Подходят еще несколько молодых людей; у них выбриты лбы, а волосы связаны узлом на макушке, как у инспекторов и переводчиков, посетивших на этой неделе «Шенандоа», только одеяния не такие пышные.
– Переводчики без ранга, – поясняет ван Клеф. – Надеются подольститься к Сэките, выполняя за него его работу.
Они хором повторяют для Якоба слова стражника, проводящего обыск:
– Руки поднимать! Открывать карманы!
Сэкита, шикнув на них, приказывает Якобу:
– Руки поднимать! Открывать карманы!
Тот подчиняется. Стражник обхлопывает ему подмышки и шарит в карманах.
Находит альбом с эскизами, осматривает мельком и выдает очередной приказ.
– Господин, туфли показать! – выпаливает самый расторопный переводчик.
Сэкита сурово фыркает.
– Сейчас показывать туфли.
Даже грузчики бросили работу и смотрят.
Некоторые без всякого стеснения тычут в писаря пальцами и во весь голос комментируют:
– Комо, комо!
– Это они о ваших волосах, – объясняет ван Клеф. – Европейцев здесь часто называют «комо». «Ко» значит «красный», а «мо» – волосы. Сказать по правде, среди нас немногие могут похвастать шевелюрой такого оттенка, как у вас; «рыжеволосый варвар» – зрелище, на которое поглазеть не грех.
– Вы изучаете японский, господин ван Клеф?
– Вообще-то, это запрещено, но я кое-чего нахватался от своих жен.
– Я буду весьма обязан, если вы меня научите тому, что знаете.
– Да какой из меня учитель, – отнекивается ван Клеф. – Доктор Маринус болтает с малайцами, словно родился чернокожим, но и он говорит, что японский выучить тяжело.
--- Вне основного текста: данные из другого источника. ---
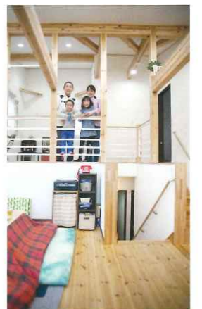
今はフリースペースとしてのセカンド リビングお子様の遊び場や家事ス ペースとして大活躍。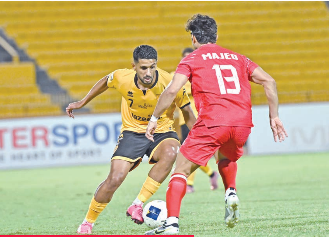
جانب من مباراة القادسية والفحيحيل في الجولة الثالثة بـ «الممتاز»

مع إسدال الستار على الجولة الثالثة من دوري زين الممتاز لكرة القدم، بدأت ملامح المنافسة تتبلور، وظهرت الفوارق الفنية بين الفرق التي تملك أدوات الحسم، وتلك التي لا تزال تبحث عن التوازن.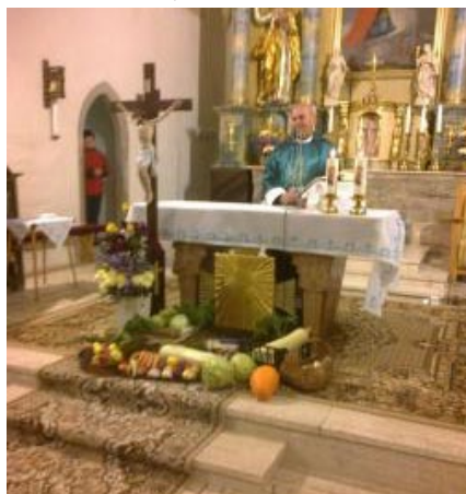
• Posvätenie úrody

1. 10., keďže bol prvý štvrtok v mesiaci, po sv. omši bola adorácia, ktorá bola venovaná za kňazov. 9. 10. bolo svätenie úrody.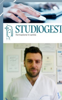
FT DO SIMONE MARTIN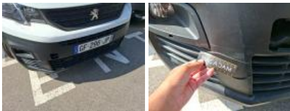
Obturbateur /Cache AV, Manque, E - Remplacer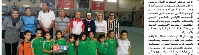
مواهب واعدة افرزتها المنافسات

خُتت بحرا نحو الاندماج انطلقت فعاليات المرحلة الثانية لبطولة الفرق الشعبية في مدينة شباب ورياضة كركوك حيث ناقش مدير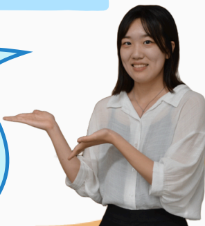
㈱ISEKI Japan 管理部 江藤

P33~34では、2025年に新設したISEKI Japanの概要と設立の背景についてご紹介しています！

А если кто из переводчиков возьмется нас учить и его на этом поймают, могут обвинить в государственной измене.
Стражник, проводящий обыск, возвращает башмаки Якобу и отдает очередной приказ.
– Одежду снимать, господин! – хором подхватывают переводчики. – Снимать одежду!
– Одежду снимать никто не будет! – огрызается ван Клеф. – Господин де Зут, служащие фактории не раздеваются! Это отребье хочет нас унизить! Один раз подчинитесь – и всем прибывающим в Японию чиновникам придется делать то же самое до скончания века.
Стражник возмущается. Переводчики галдят:
– Снимать одежду!
Переводчик Сэкита спешит уползти от греха подальше.
Ворстенбос, ударив тростью в пол, восстанавливает тишину.
– Нет!
Недовольный стражник решает не настаивать.
Другой таможенник стукает копьем о сундук Якоба и произносит несколько слов.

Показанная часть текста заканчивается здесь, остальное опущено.